Stored data Start Marker
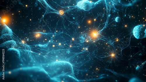 Mesmerizing Abstract Digital Background with Glowing Particles and Intricate Lines Depicting Connections in a Cosmic Network of Energy and Light
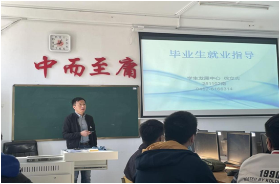 在就业形势方面,徐立志老师就毕业生就业形式类型的毕业去向结合实际及自身经验,应用实际例子,形象的讲解了毕业去向内容,在就业技巧方面,结合自己实际与多年的职业生涯规划教学经验,徐立志老师向大家强调选择一份适合自己工作的重要性。及签订就业协议书需要注意的许多细节之处,详细为同学们讲解了就业协议书的使用说明,还为我们提供了组织机构代码查询、找工作的网站,使同学们受益匪浅。
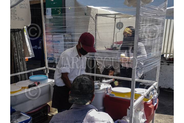 Puestos comerciales en la zona de “El Molinito” han implementado e improvisado medidas de sanidad frente a la pandemia por coronavirus que se vive en el país.
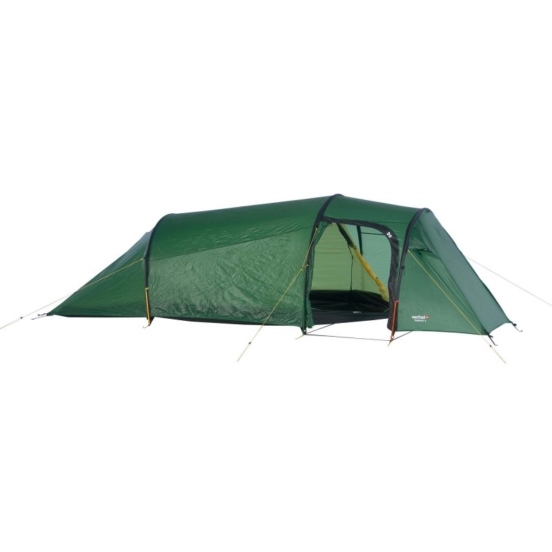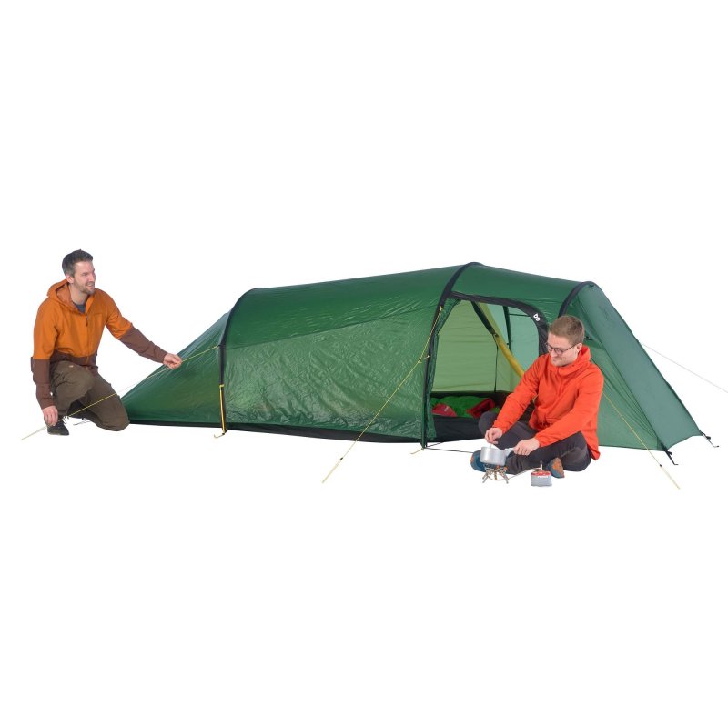 Das Tempest 2 ist ein sehr leichtes Tunnelzelt mit großem Platzangebot. Durch das asymmetrische Innenzelt eignet es sich auch für sehr große Personen über 2 m.
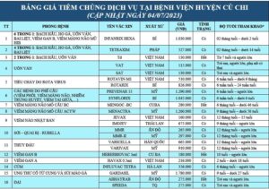 Dịch vụ tiêm ngừa – Bệnh viện huyện Củ Chi
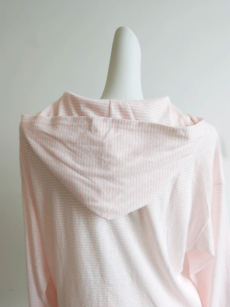 Design: Loose zip-up hoodie with soft pink stripes
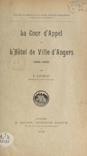 Ce n'est donc que le 22 septembre 1823, que le nouvel Hôtel de Ville fut enfin inauguré par la duchesse d'Angoulême, et que la Cour d'appel quitta enfin le palais de justice pour s'installer dans l'ancien Hôtel de Ville, où elle resta jusqu'en 1885. Voici toute l'histoire, narrée par François Uzureau, Directeur de "L'Anjou historique".
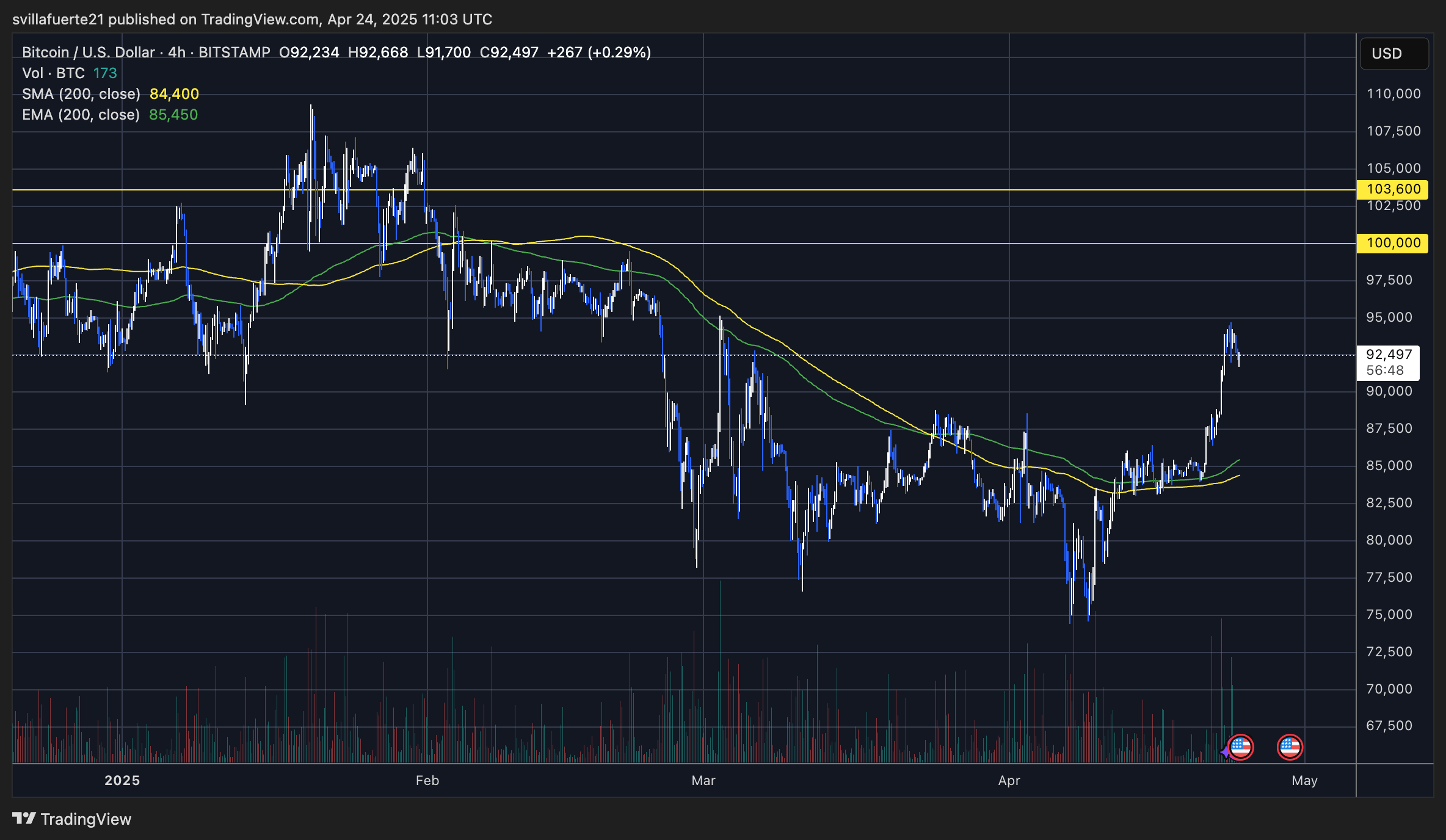 Bitcoin is trading at $92,500 after a strong move above the psychological $90K level, confirming bullish momentum in the short term. This breakout also marked a decisive close above the 4-hour 200 MA and EMA, both of which had acted as stiff resistance since January. Reclaiming these technical levels signals a potential shift in trend after months of selling pressure and sideways action.
Stored data End Marker
Assignment:
A word-for-word copy of the data, without its pictures, is what is needed.

Response:
 Mesmerizing Abstract Digital Background with Glowing Particles and Intricate Lines Depicting Connections in a Cosmic Network of Energy and Light
 在就业形势方面,徐立志老师就毕业生就业形式类型的毕业去向结合实际及自身经验,应用实际例子,形象的讲解了毕业去向内容,在就业技巧方面,结合自己实际与多年的职业生涯规划教学经验,徐立志老师向大家强调选择一份适合自己工作的重要性。及签订就业协议书需要注意的许多细节之处,详细为同学们讲解了就业协议书的使用说明,还为我们提供了组织机构代码查询、找工作的网站,使同学们受益匪浅。
 Puestos comerciales en la zona de “El Molinito” han implementado e improvisado medidas de sanidad frente a la pandemia por coronavirus que se vive en el país.
 Das Tempest 2 ist ein sehr leichtes Tunnelzelt mit großem Platzangebot. Durch das asymmetrische Innenzelt eignet es sich auch für sehr große Personen über 2 m.
 Dịch vụ tiêm ngừa – Bệnh viện huyện Củ Chi
 Design: Loose zip-up hoodie with soft pink stripes
 Ce n'est donc que le 22 septembre 1823, que le nouvel Hôtel de Ville fut enfin inauguré par la duchesse d'Angoulême, et que la Cour d'appel quitta enfin le palais de justice pour s'installer dans l'ancien Hôtel de Ville, où elle resta jusqu'en 1885. Voici toute l'histoire, narrée par François Uzureau, Directeur de "L'Anjou historique".
 Bitcoin is trading at $92,500 after a strong move above the psychological $90K level, confirming bullish momentum in the short term. This breakout also marked a decisive close above the 4-hour 200 MA and EMA, both of which had acted as stiff resistance since January. Reclaiming these technical levels signals a potential shift in trend after months of selling pressure and sideways action.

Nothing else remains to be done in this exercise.